Start of Source information
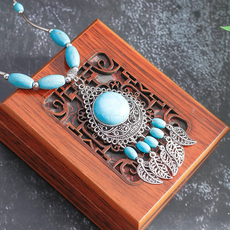 Capture the essence of bohemian charm with this stunning turquoise stone necklace. Featuring an intricately designed water drop pendant, accented with ornate metalwork and delicate filigree leaf charms, this piece embodies vintage elegance and free-spirited beauty. The link chain design incorporates polished turquoise beads for an authentic Southwestern-inspired look, making it a perfect accessory for parties, casual wear, or festival outfits. Whether worn alone or layered, this necklace is a true statement piece for those who appreciate bold yet elegant jewelry.
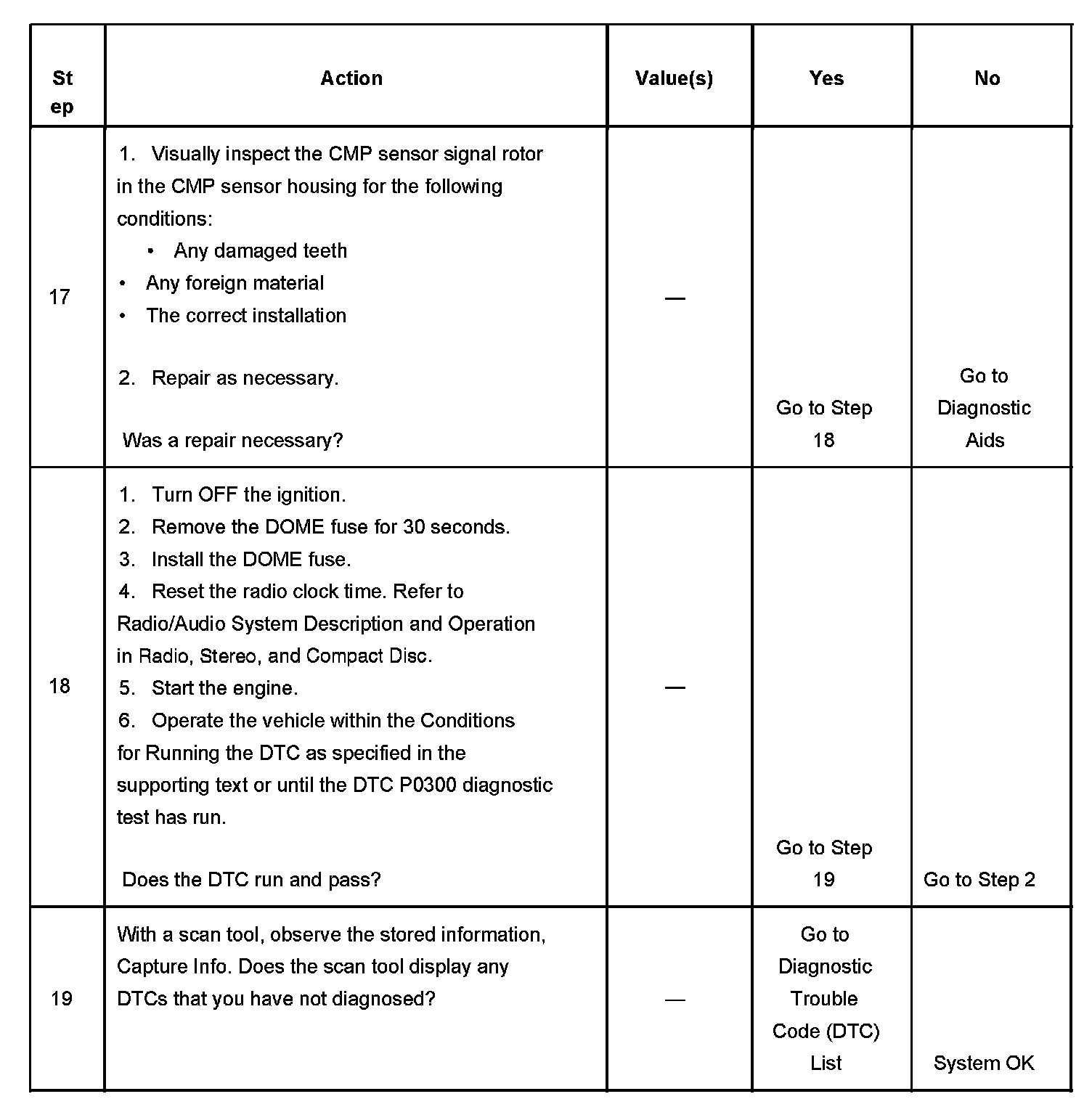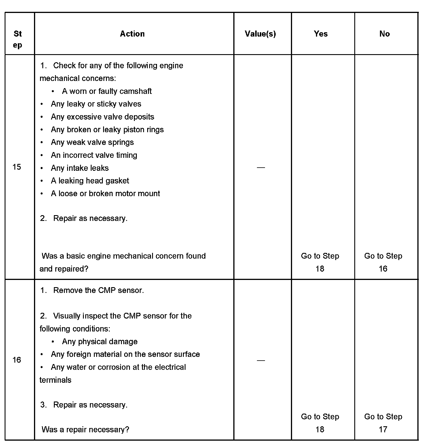 16. This step checks for faults in the CMP sensor and circuit that can cause incorrect ignition reference signals. Without continuous accurate reference signals, there is no dependable spark or fuel injector pulse. Erratic, missing, or incorrect engine reference signals can cause the engine to misfire.
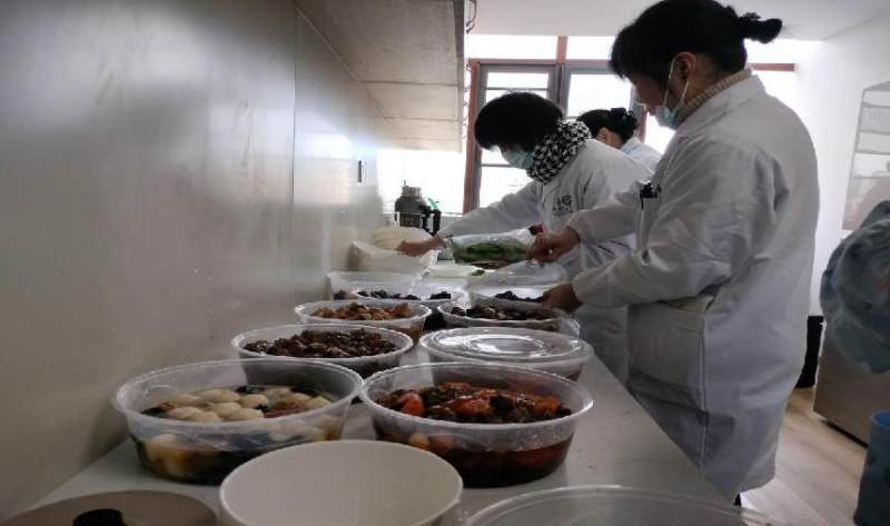 食堂后厨的师傅们择菜、洗菜、配菜、烹调……,为老人和员工们精心地准备着年夜饭。工作人员根据大多数老人的喜好,认真仔细研究,敲定食谱,给老人们准备了十六菜两汤,还准备了暖心饮品姜汁可乐。
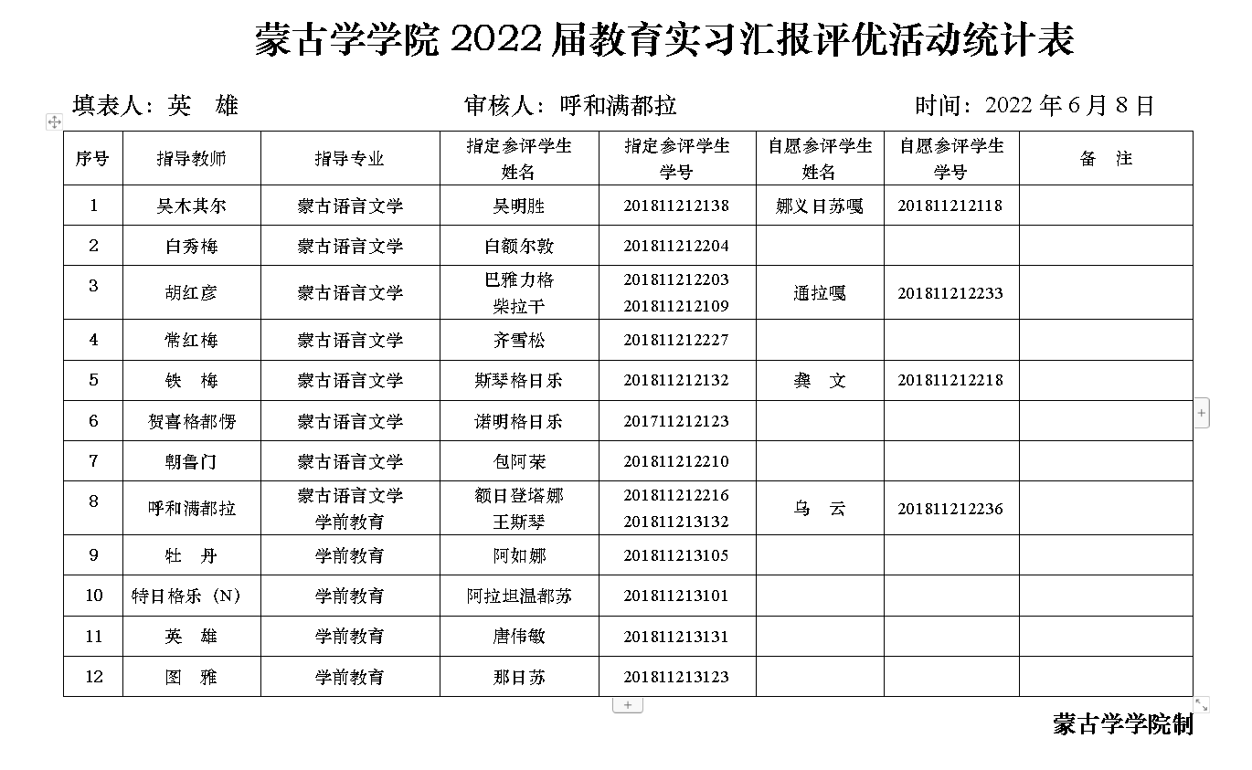 为了检验蒙古学学院师范类专业实习生一年来教育实习效果,提高教育教学水平,促进专业化成长,根据beat3652018级师范生教育实习工作总结要求,学院举办实习归来总结系列活动。现将实习汇报展示课比赛安排如下:
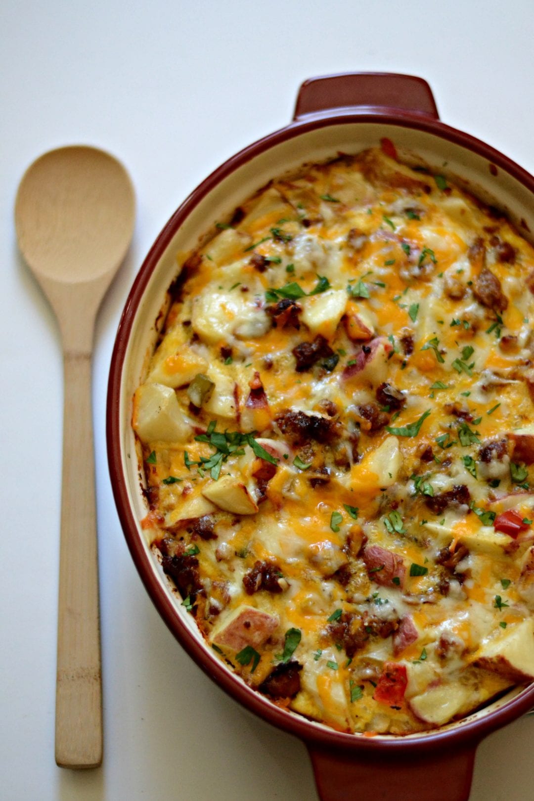 About this casserole. You can totally skip the DIY breakfast sausage and just use ground spicy Italian sausage or whatever breakfast sausage you like, cut in small pieces. This is easily prepped the night before and can even be frozen, thawed, and then baked when needed.
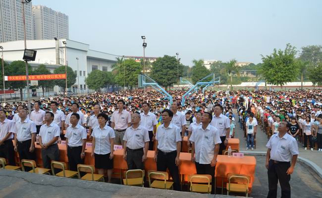 圖一(yī):全體師生起立舉行升國旗(qí)儀(yí)式
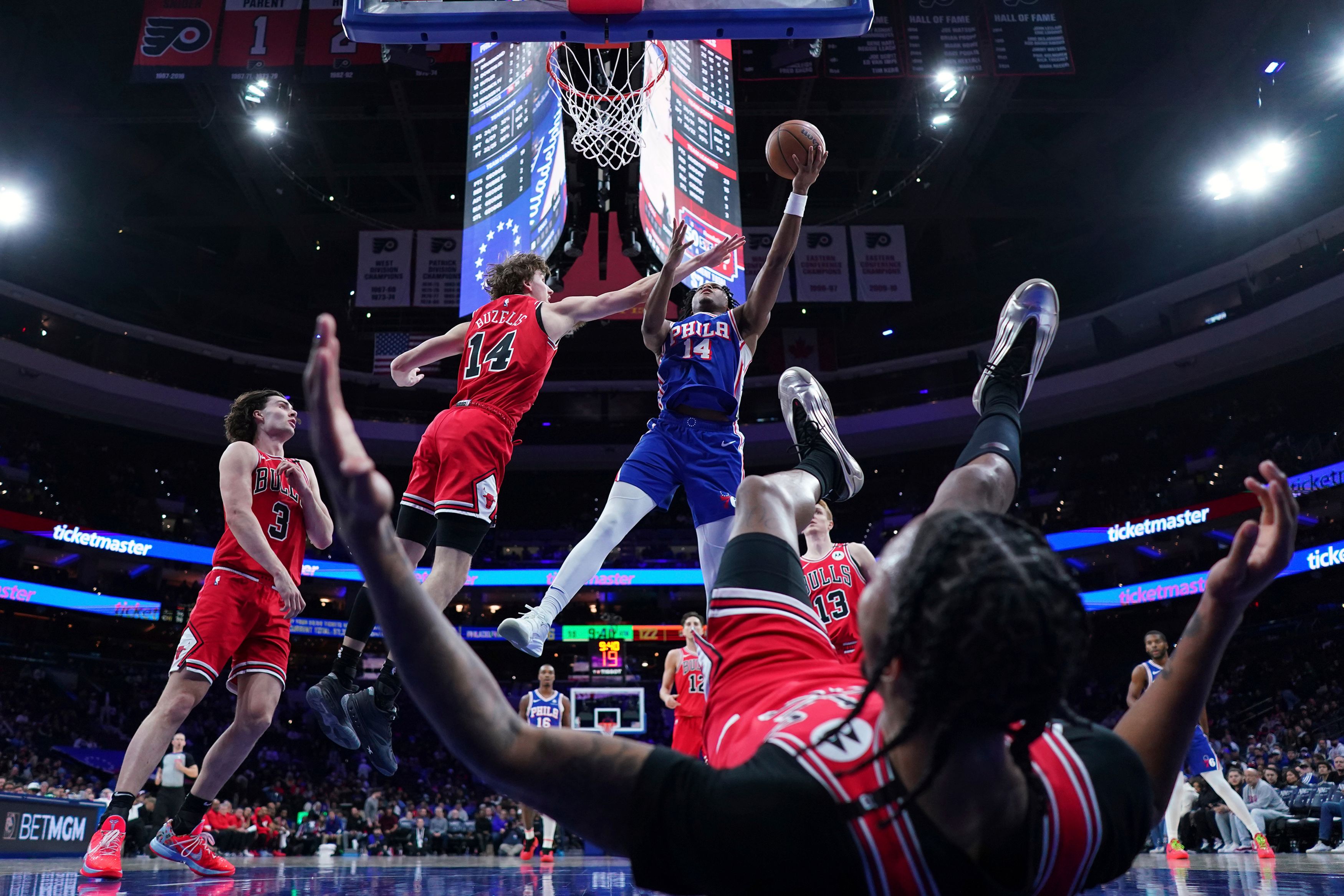 The Philadelphia 76ers' Ricky Council IV is defended by the Chicago Bulls' Matas Buzelis during an NBA game in Philadelphia on Monday, February 24, 2025. (Photo by Matt Slocum/AP Photo)
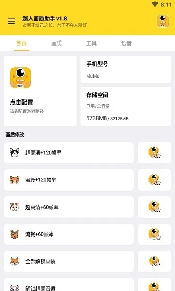 它功能超多,能一键提升画质,广泛兼容多款热门游戏。还能自定义游戏音质,调整音量。操作简单,不繁琐,适合所有人。不管啥手机型号都能用,能让游戏更清晰,告别渣渣画质,低配手机也能享优质体验,轻松成为吃鸡王!
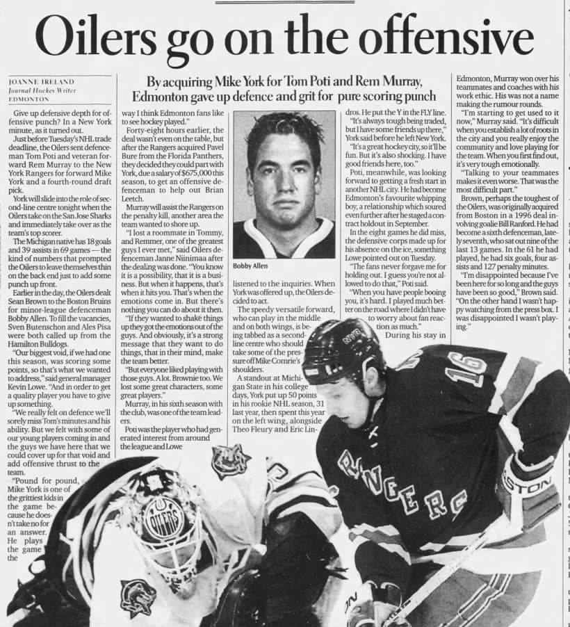 Murray remained in New York until Dec. 2002, later traded to the Nashville Predators, and would return to Edmonton in 2005-06, playing nine regular season games and playing a depth role in the Oilers’ cup run that year.
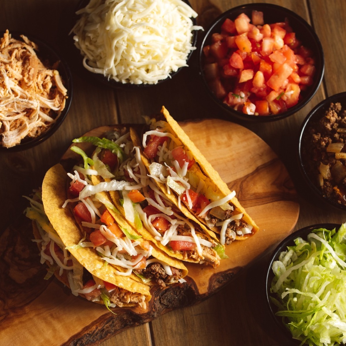 Grand Hacienda’s dinner menu centers entrees like Carnitas, served with rice, beans, onions, and pickled jalapeños and Huarache (A thick oval home-made corn tortilla deep fried, filled with beans, steak, and tomatillo sauce, topped with lettuce, chopped onions, tomato, queso fresco, and sour cream). The menu also features quesadillas, tacos, enchiladas, burritos, chimichangas, and other favorites.
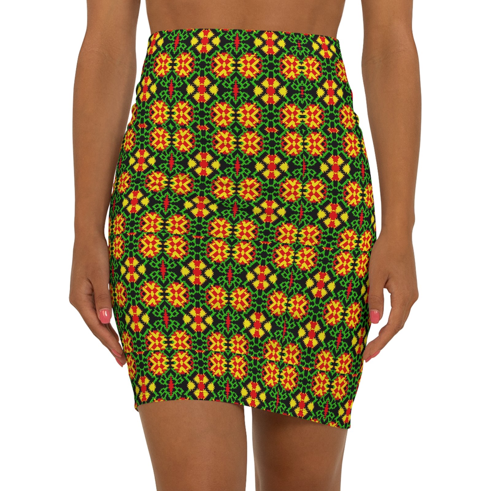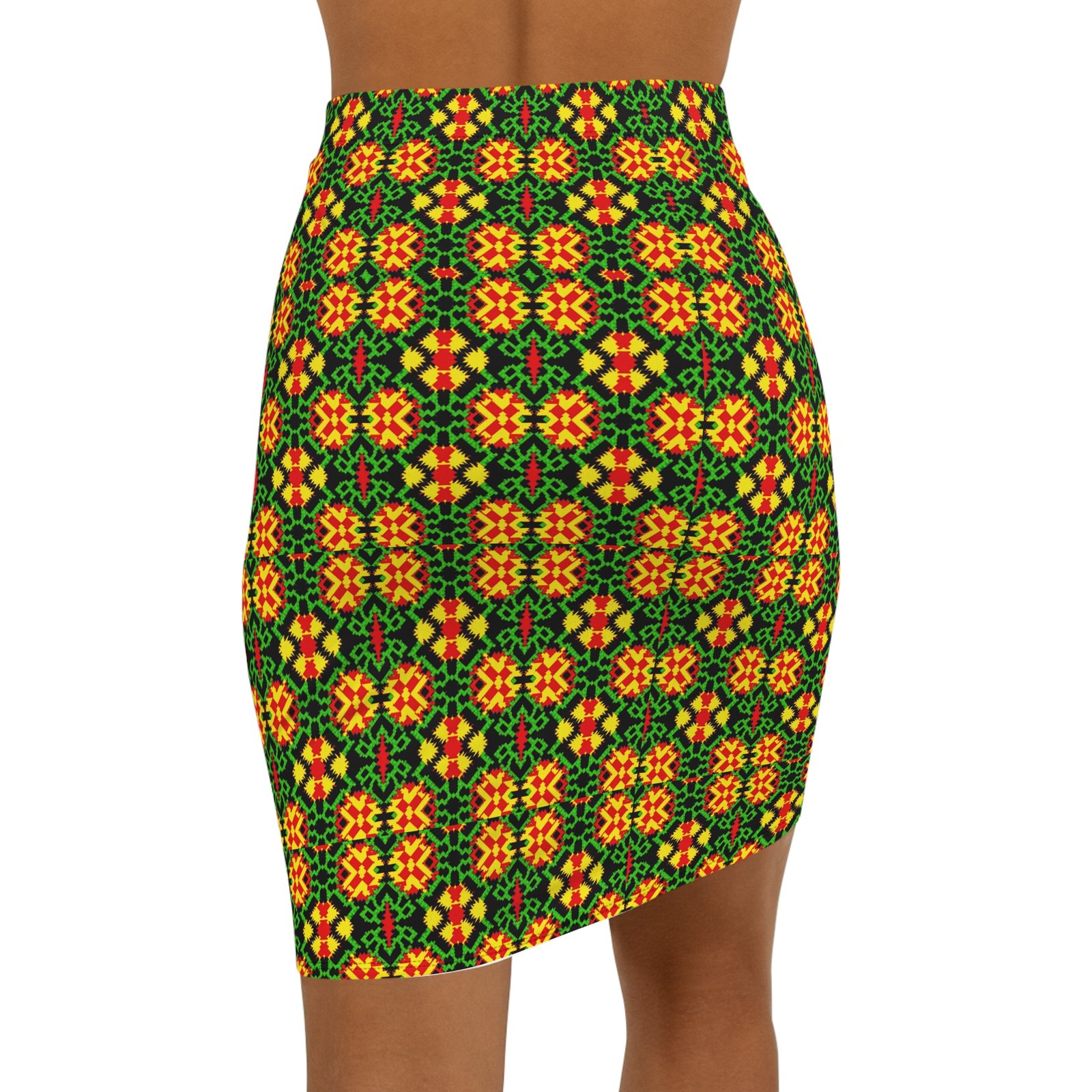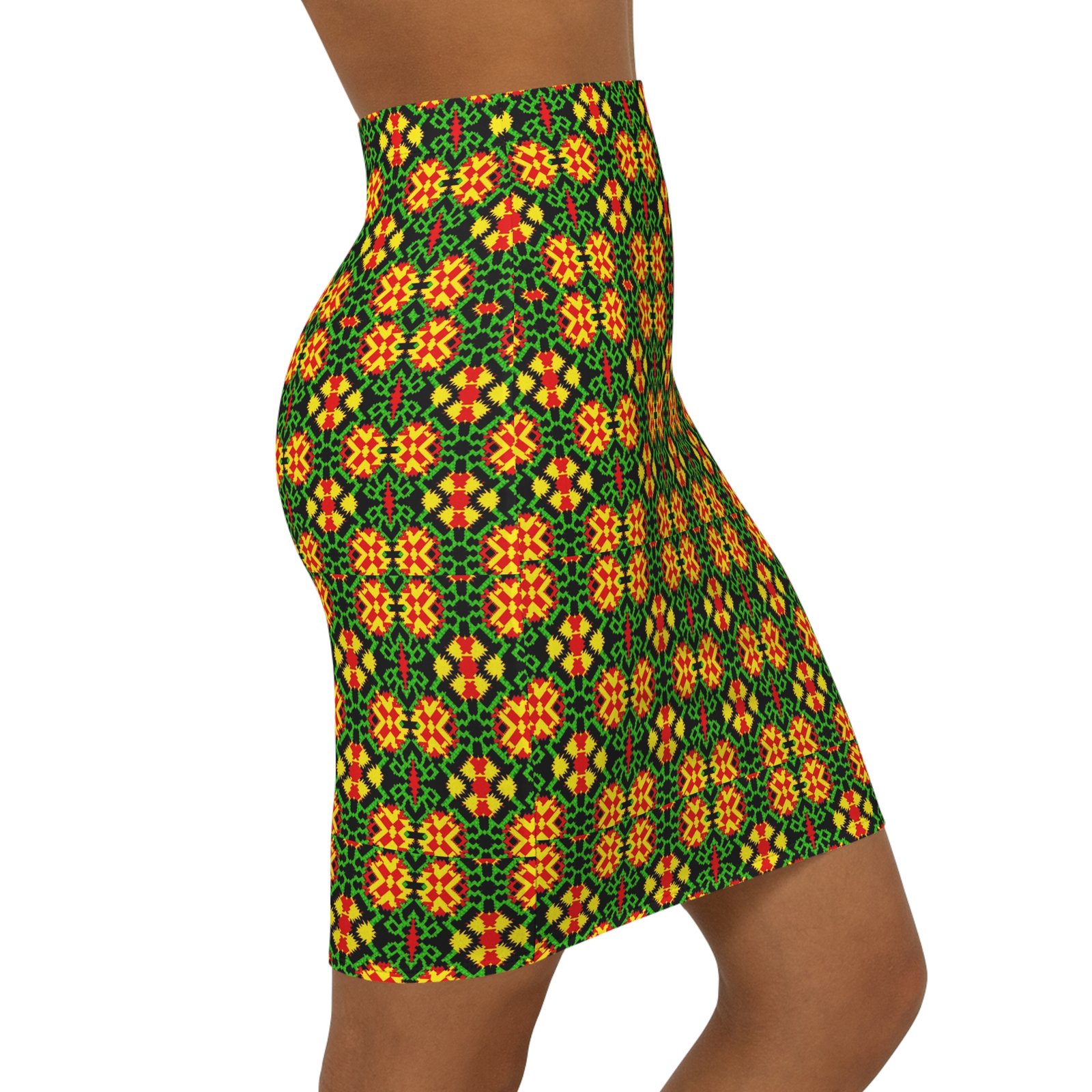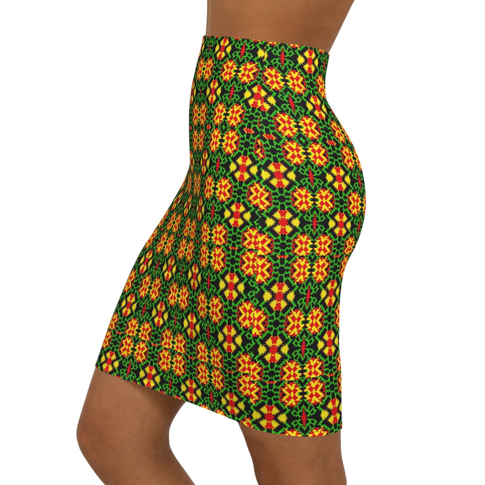 A lively mid-waist pencil skirt patterned with a bold, kaleidoscopic mosaic in warm oranges, sunny yellows and deep greens. The slim silhouette hugs curves while a soft elastic waistband keeps things comfortable for all-day wear. The all-over print gives a continuous, handcrafted look that reads like a modern folk textile — wearable art that moves from coffee dates to gallery nights. Lightweight stretch fabric lets you sit, walk and dance without restriction. Wear it with a simple tee and boots for an effortless street-to-studio outfit, or pair with a tailored blouse for a more polished evening vibe.
End of Source information
Task to carry out.
Once the line with "为了检验蒙古学学院师范类专业" is found above, transcribe each line from it through the line with "它功能超多,能一键提升画质,广泛兼容多款", exactly, and omit the pictures.

Exercise solution.
 为了检验蒙古学学院师范类专业实习生一年来教育实习效果,提高教育教学水平,促进专业化成长,根据beat3652018级师范生教育实习工作总结要求,学院举办实习归来总结系列活动。现将实习汇报展示课比赛安排如下:
 About this casserole. You can totally skip the DIY breakfast sausage and just use ground spicy Italian sausage or whatever breakfast sausage you like, cut in small pieces. This is easily prepped the night before and can even be frozen, thawed, and then baked when needed.
 圖一(yī):全體師生起立舉行升國旗(qí)儀(yí)式
 The Philadelphia 76ers' Ricky Council IV is defended by the Chicago Bulls' Matas Buzelis during an NBA game in Philadelphia on Monday, February 24, 2025. (Photo by Matt Slocum/AP Photo)
 它功能超多,能一键提升画质,广泛兼容多款热门游戏。还能自定义游戏音质,调整音量。操作简单,不繁琐,适合所有人。不管啥手机型号都能用,能让游戏更清晰,告别渣渣画质,低配手机也能享优质体验,轻松成为吃鸡王!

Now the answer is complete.